Set down all of the data that follows word for word, without the images.

COLLECTED DATA.

##########

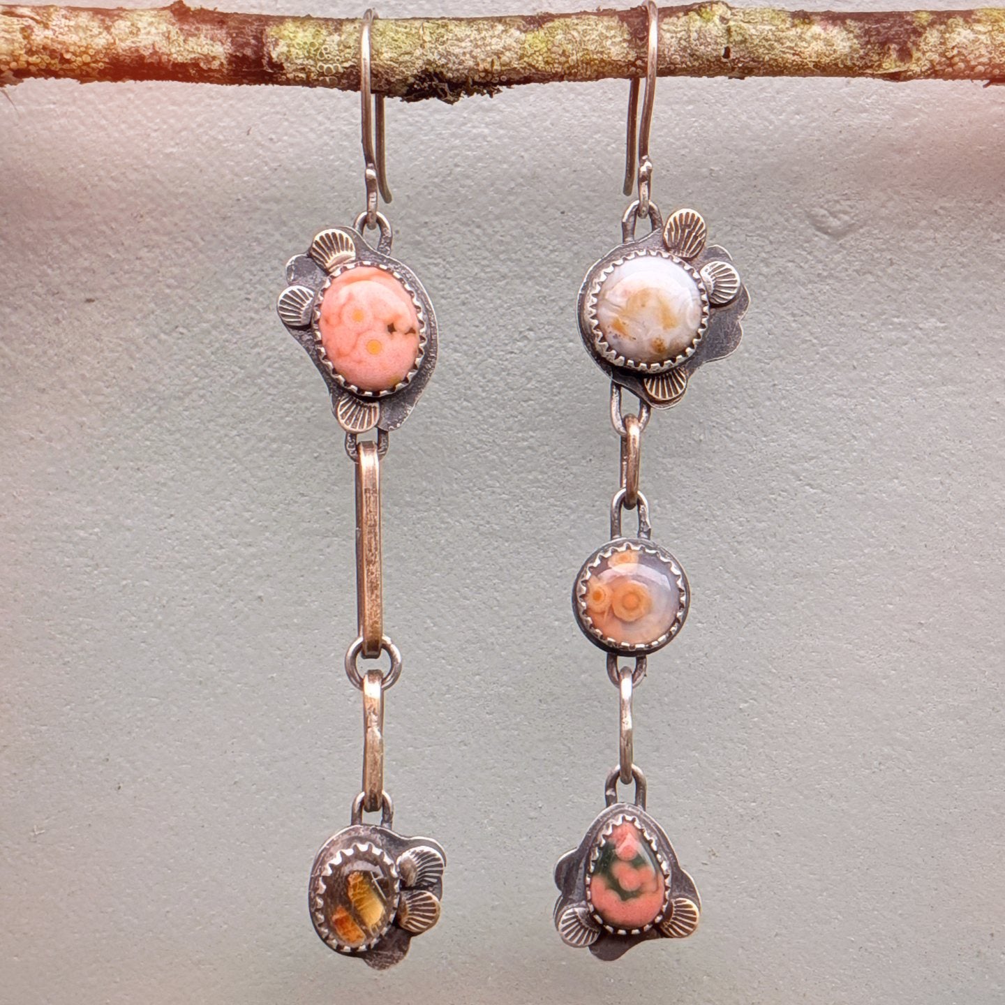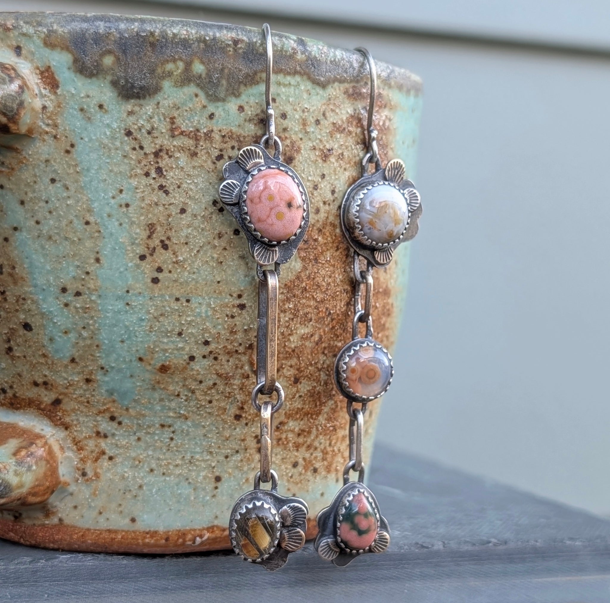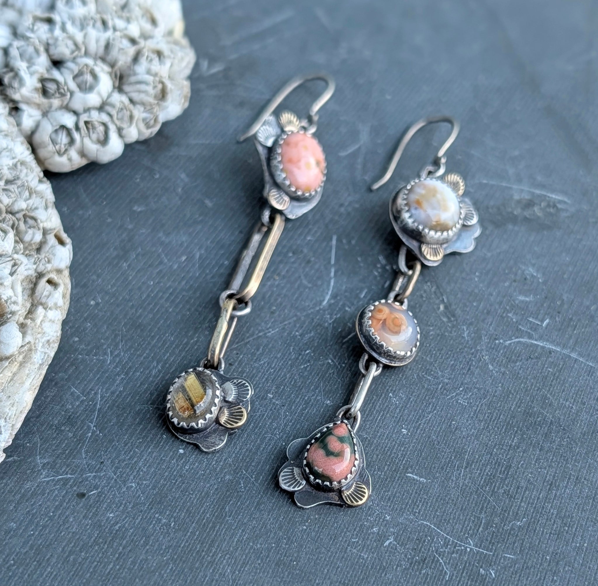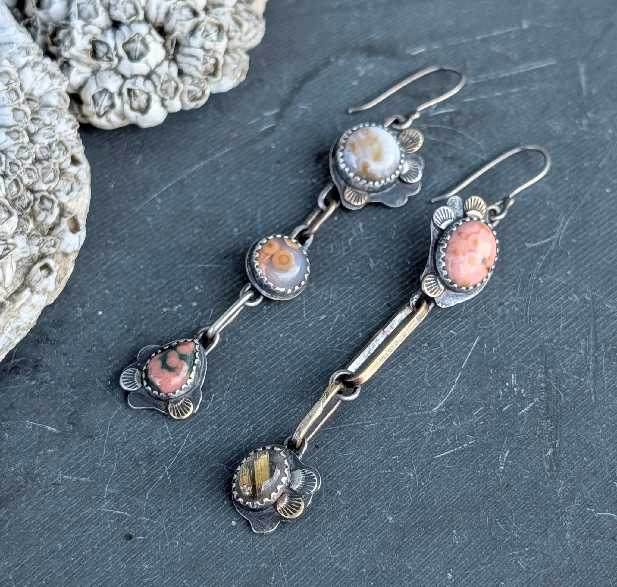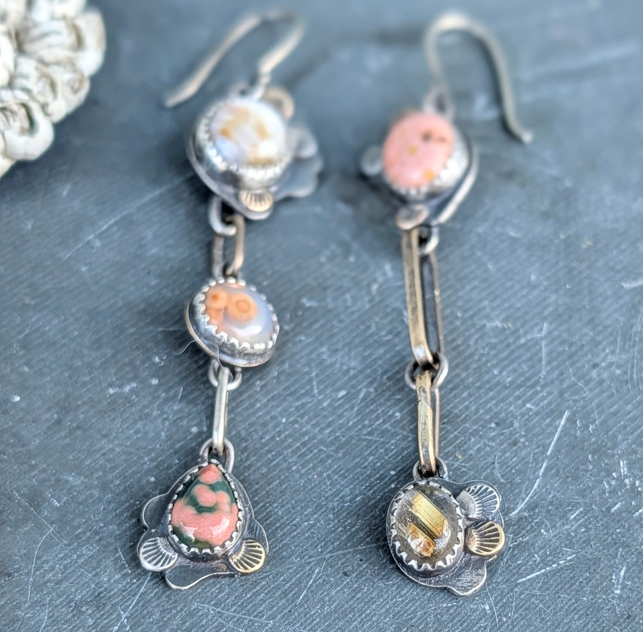 These long asymmetrical earrings feature a selection of five stunning gemstones - four uniquely patterned ocean jaspers and one sparkle-filled golden quartz for grounding - all surrounded by grounding mixed metal lace.
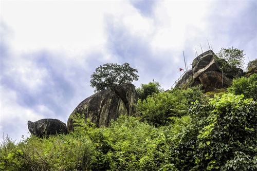 站在古寨的依偎的大山的脚下,人显得格外娇小。滑石古寨与梁平双桂堂遥遥相望,有“小华山”之称。滑石寨古寨是平坝上突兀拔起的一座高260多米的孤峰。孤峰呈纺锤形,四周皆是悬崖峭壁,峰顶平地有6000平方米左右。
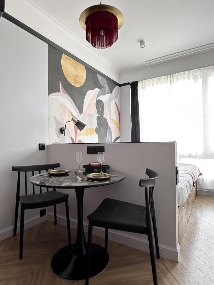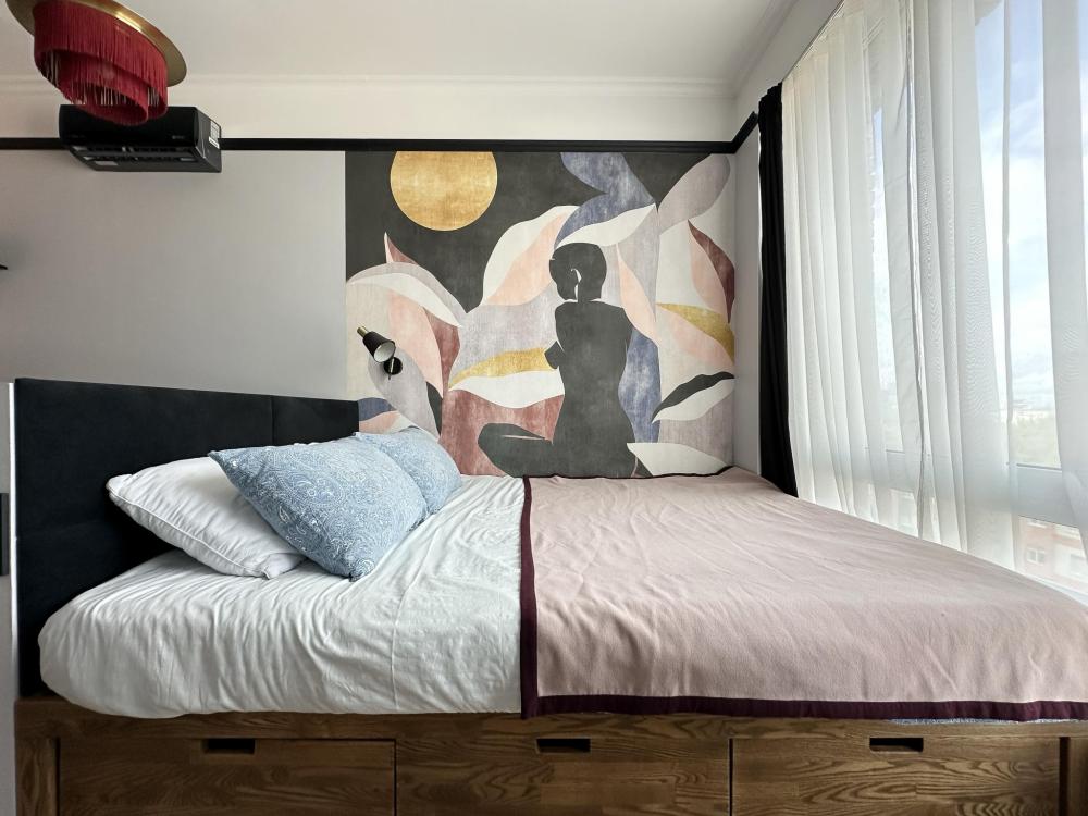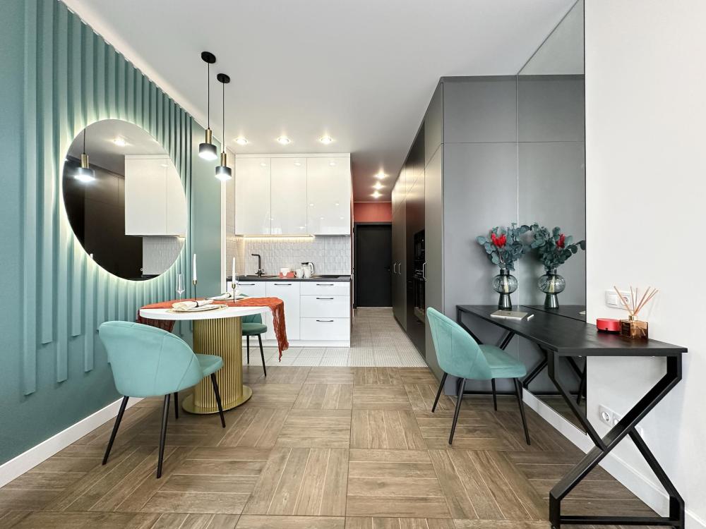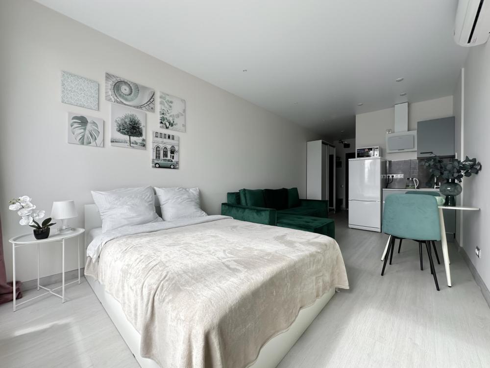 Сеть апартаментов "Диван - Кровать" предлагает снять апартаменты с дизайнерским ремонтом в ЖК Мята. В апартаментах спальных мест 2 - двуспальная кровать, мультимедиа: Wi-Fi, телевизор смарт ТВ; бытовая техника: холодильник, плита, фен, утюг, стиральная машина, СВЧ; махровые полотенца, свежее постельное белье, средства личной гигиены, полный комплект посуды и столовых приборов.

##########

ANSWER TO THE EXERCISE.
 These long asymmetrical earrings feature a selection of five stunning gemstones - four uniquely patterned ocean jaspers and one sparkle-filled golden quartz for grounding - all surrounded by grounding mixed metal lace.
 站在古寨的依偎的大山的脚下,人显得格外娇小。滑石古寨与梁平双桂堂遥遥相望,有“小华山”之称。滑石寨古寨是平坝上突兀拔起的一座高260多米的孤峰。孤峰呈纺锤形,四周皆是悬崖峭壁,峰顶平地有6000平方米左右。
 Сеть апартаментов "Диван - Кровать" предлагает снять апартаменты с дизайнерским ремонтом в ЖК Мята. В апартаментах спальных мест 2 - двуспальная кровать, мультимедиа: Wi-Fi, телевизор смарт ТВ; бытовая техника: холодильник, плита, фен, утюг, стиральная машина, СВЧ; махровые полотенца, свежее постельное белье, средства личной гигиены, полный комплект посуды и столовых приборов.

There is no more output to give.